Never ever heard this usage of "тронуться". It is some mix of "пойти" (Мы пошли переулком) and "тронулись в путь".

That is, someone having said that, I would understand it perfectly, but the usage would really strike me as very odd and intentionally pretentious. That is "the language is not complex and archaic enough for me - I will make it sound more complex and archaic, even at the expense of wrong usages".

Это из серии "Индо взопрели озимые......"


----------



## septentrionalis

> i wouldn't say that


 я попытался выше объяснить, почему в *обычной речи* *так* действительно не говорят.
 Однако, фраза *абсолютно* правильная в конкретном литературном контексте.
 Только от нее пахнет немного нафталином.


----------



## morzh

septentrionalis said:


> ну, они же только начали движение. Значит, и находятся они во все том же переулке.
> "Пойти улицей (не площадью, например) по направлению  куда-либо" - пройти через... думаю, тоже очень похоже на литературный стиль.
> Вся фраза становится менее обыденной, более целостной, лучше соответствует канонам литературного повествования.




Да, "Пойти переулком" можно. Если хочется творительного с "тронуться" - можно "тронуться умом".

Но "тронуться" в смысле "куда-то" обычно диктует другие использования  - "тронуться в путь". Да и толковые словари, похоже, подтверждают.


----------



## septentrionalis

фраза абсолютно правильна*я*
лучше сказать: фраза абсолютно правильно употреблена в конкретном литературном контексте.


----------



## septentrionalis

*Это из серии "Индо взопрели озимые......"*
Не совсем. "Тронуться переулком" может быть употреблено и в современном литературном повествовании.
"Индо взопрели озимые" - я не знаю, откуда это, какой век? Современный читатель ну никак не сможет понять слово "индо" (что это?).


----------



## estreets

Соглашусь, тронулись - в этом случае начали движение. Действительно, это из ряда: тронуться в путь, тронуться с места. Чрезвычайно распространенная фраза: Лёд тронулся.
(И - "Лёд тронулся, господа присяжные заседатели").
Творительный падеж иногда используется для указания места движения:
Шли берегом реки. "Иди ты лесом". Плыть морем.
Но это действительно не очень распространенное употребление.


----------



## sarmat

*morzh*, 5 баллов!

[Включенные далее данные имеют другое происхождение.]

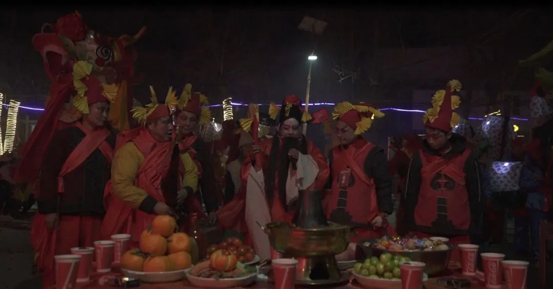 烟花鞭炮放起来,金锣鼙鼓敲起来。正月初八,太阳刚刚落山,一声声清脆的鼓点传来,徐家寨村一年一度的夜社火正式开演了。

Я это тоже могу процитировать почти наизусть.
Что касается "*трогаться*" или "*тронуться*", то, имо, не часто, но и не редко у нас на юге употребляется. Например, по мобильному телефону: "*Ну, я тронулся*" (водитель за рулём говорит по мобильному). Смысл - "я* начал ехать*, *начал движение*, *уже еду*". Или - пассажир садится в такси: "*Трогай!*" - в смысле "*Поехали!*", "*Вперёд!*".
---
Тронуться переулком = начать движение по переулку.


----------



## dec-sev

estreets said:


> ...
> Творительный падеж иногда используется для указания места движения:
> Шли берегом реки. "Иди ты лесом". Плыть морем.
> Но это действительно не очень распространенное употребление.


 Да, в литературе такое употребление творительного падежа вполне органично, причём только с такими словами, как “ехать” или “идти”, как в ваших примерах, но не с “трогаться”, как у неизвестного автора. 


septentrionalis said:


> "Тронуться переулком" может быть употреблено и в современном литературном повествовании.


 В литературном произведении можно написать всё, что угодно, прикрываясь литературным стилем. Интересно, из какого произведения цитата, а то может получиться так, что я критикую Достоевского 


morzh said:


> А классику надо знать.


 Ещё один классик: “Вы самый умный из нас – вы даже знаете ноты”:d


sarmat said:


> ...Например, по мобильному телефону: "*Ну, я тронулся*" (водитель за рулём говорит по мобильному). Смысл - "я* начал ехать*, *начал движение*, *уже еду*". Или - пассажир садится в такси: "*Трогай!*" - в смысле "*Поехали!*", "*Вперёд!*".
> ---
> Тронуться переулком = начать движение по переулку.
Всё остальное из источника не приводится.